23 novembre 2008 7 23 /11 /novembre /2008 14:34
Françoise Chatot : « Je ne veux pas faire du "théâtre- musée"»

A la tête du Gyptis à Marseille, avec Andonis Vouyoucas, Françoise Chatôt met en scène en son théâtre Les Caprices de Marianne d'Alfred de Musset. Avec la conviction que le romantisme d'hier, celui de ce XIXe siècle post-napoléonien, trouve un large écho dans la désespérance des jeunes d'aujourd'hui. Interview.

Rock et hip hop sont, notamment, annoncés dans vos partis pris de mise en scène de la pièce de Musset. N'est-ce pas osé ?

Françoise Chatôt : Je tiens à dire que je ne tire jamais une pièce, un texte, vers le contemporain uniquement pour faire moderne. Que cela soit clair. Mais pour chacun des projets pour lesquels je m'engage, j'entreprends un travail d'échange avec l'équipe, et de recherche. Ici avec Musset et « Les Caprices… », on repère très vite les rapprochements possibles entre les deux époques, celle d'aujourd'hui et celle d'il y a près de deux siècles. Notamment cette désespérance qui touche surtout la jeunesse. Le grand père d'Alfred de Musset baignait encore dans les idées des Lumières, le père vivait la Révolution et l'Empire. Mais pour le jeune Alfred, c'était une période de censure, de l'emprise du clergé, de la police. L'ennui, donc. Aujourd'hui, l'horizon d'une grande partie de la jeunesse s'appelle le chômage, la mort des idéologies, etc. La mélancolie, la désespérance y trouvent un terrain favorable...

Mais le rock... ?

Le déclic s'est produit quand j'ai revu le film de Gus Van Sant « Last days » qui évoque le suicide de la rock star Kurt Cobain.
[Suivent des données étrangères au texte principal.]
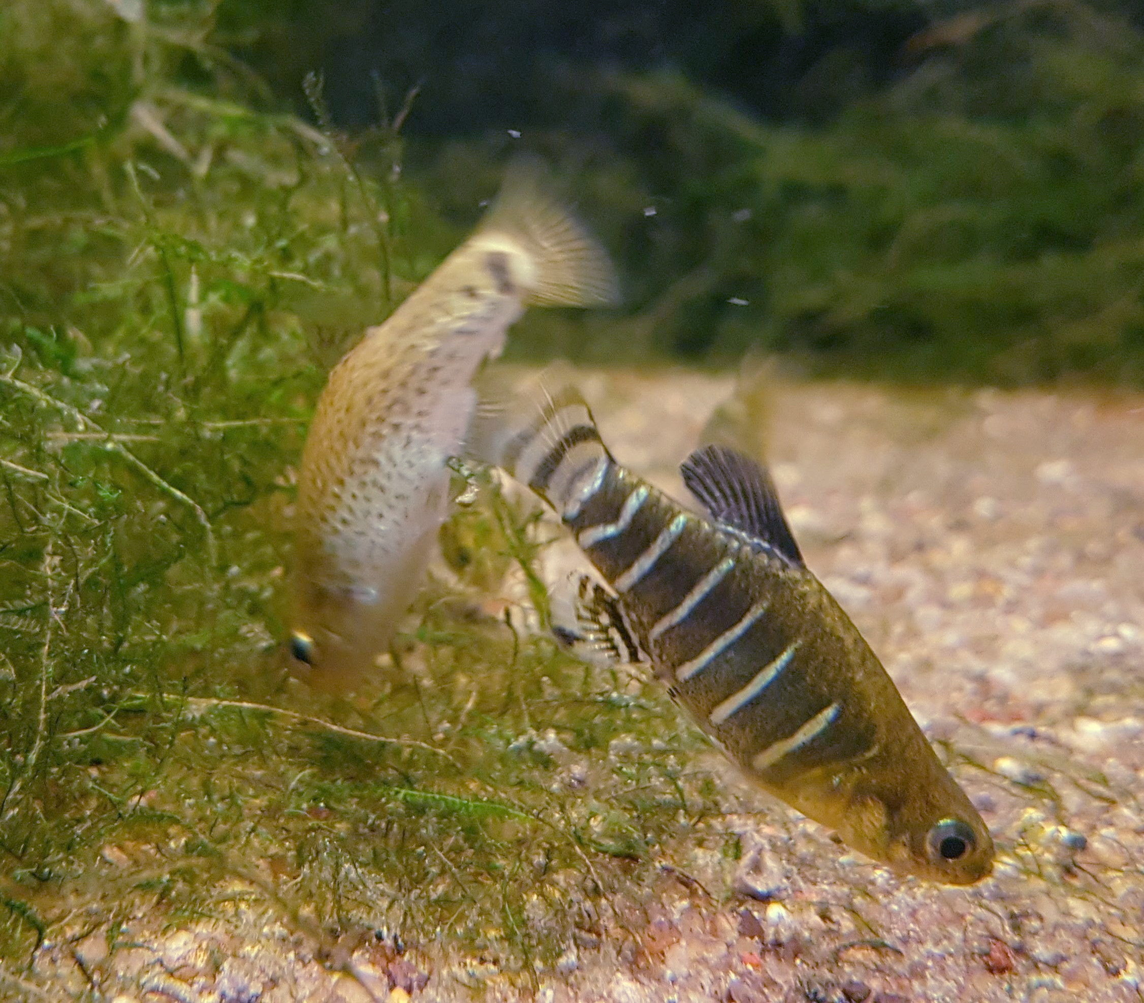 Kızılırmak toothcarp at Berlin Aquarium, showing sexual dimorphism (male right, female left)

Le rapprochement avec la trajectoire de Coelin, l'amoureux transi de Marianne dans la pièce, m'est apparu évident. Sa mélancolie va le conduire aussi vers la mort. C'est de là que m'est venue l'idée d'introduire du rock dans le spectacle.

Y a-t-il d'autres marques ou indices de modernité dans cette production des « Caprices de Marianne » ?

Le décor – des panneaux tournants – est plutôt abstrait. Les costumes rappellent les années 1980, ceux des rockers chics, un peu dandy, une jeunesse aisée traversée par les désirs d'alcool, de drogues...Un peu comme ce fut le cas pour le jeune Musset.

Le jeu des acteurs ?

Je ne crois pas et ne veux pas faire du théâtre « musée ». Donc ils jouent ici de façon très contemporaine.

Pourquoi la danse ?

Là encore, il n'est pas question pour moi de rechercher un effet pour l'effet. La pièce se déroule pendant un carnaval. Et il y a des masques. J'ai été aussi impressionnée par l'œuvre de Goya, les « Caprices ». J'ai donc eu l'idée d'une danse et d'une musique urbaine. Des danseurs hip-hop scandent la pièce par leur présence. Ce sont des partis pris très intellectuels et ça fonctionne.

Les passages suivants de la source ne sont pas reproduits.